Animal housing and care—Each calf was housed in a pen (1.2 × 4.9 m). Pens were separated by solid walls (height, 1.5 m). Water was provided ad libitum, and commercial milk replacerc was provided twice per day to calves until they were 60 days old. A mixed-grain concentrate feed (rolled corn and barley) was offered free choice to calves after they were 2 weeks old. After they were weaned from milk replacer, calves were fed a mixed-grain concentrate feed ration and free-choice alfalfa hay.

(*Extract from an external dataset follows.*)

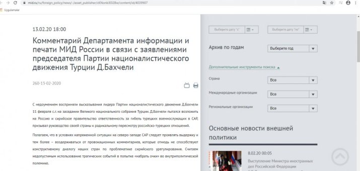 Bahçeli’nin bu açıklamasından sonra Rusya bir ilke imza attı. Rus Dışişleri Bakanlığı direkt Bahçeli’yi başlığa çekip çok ciddi eleştiren bir not paylaştı.

Study design—Within 24 to 48 hours after arrival at the research facility, a blood sample (10 mL) was collected from each calf; serum was obtained, and serum samples were submitted to a diagnostic laboratoryd for determination via zinc turbidity assay of the total serum IgG concentration (as a measure of maternally derived antibody concentration). Twenty-three calves that had a serum IgG concentration ≥ 800 mg/dL were enrolled in the study.

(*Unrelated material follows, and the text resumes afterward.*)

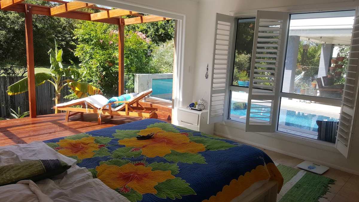 Our air conditioned, pet friendly unit is a private separate space with your own entrance, lounge room, bedroom with ensuite and garden and outdoor BBQ dining area. We are near Lake Weyba which has lovely walking tracks .There is a walking trail through the National Park to Peregian Beach (3kms). A rare find to be on a rural property abundant with Australian wildlife and only a short drive to several patrolled beaches, shops and excellent cafes in an exceptionally dog friendly area!

Calves were randomly assigned to 1 of 3 groups; group A calves (n = 8) were not vaccinated, group B calves (8) were vaccinated once (day 0), and group C calves (7) were vaccinated twice (days 0 and 35). Day 0 was defined for all calves as the day on which group B and C calves received their first vaccination. All calves were 3 to 8 days old on day 0. A commercially available MLV vaccinee that contained BHV-1, BVDV-1, BVDV-2, PI-3, and BRSV in a glycerin carrier diluent was administered IN to group B calves (on day 0) and group C calves (on days 0 and 35) in accordance with manufacturer's instructions. Control (group A) calves were housed a sufficient distance (≥ 1.2 m [3.9 feet]) from vaccinated (group B and C) calves to prevent direct contact between animals. This minimized the risk of vaccine virus transmission between vaccinated and unvaccinated calves.

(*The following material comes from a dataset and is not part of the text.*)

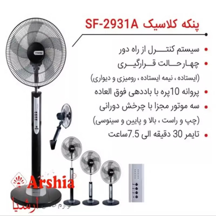 پنکه چهار کاره ارشیا ARSHIAمدل ۲۹۳۱

A blood sample (10 mL) was collected in evacuated glass tubesf that contained EDTA from each group A, B, and C calf immediately before group B and C calves were vaccinated (day 0) and on days 2, 3, 5, 7, 9, 10, 21, 35, 37, 38, 39, 40, 42, 45, and 56 for determination of WBC count.g The WBC counts were used to detect whether IN vaccination was associated with leukopenia in calves. A blood sample (10 mL) was collected in plastic serum tubesh from each group A, B, and C calf immediately before group B and C calves were vaccinated (day 0) and on days 21, 35, and 56; serum was prepared and submitted to a diagnostic laboratorya for determination via plaque inhibition assay of VN antibody titers specific for BHV-1, BVDV-1, and BVDV-2.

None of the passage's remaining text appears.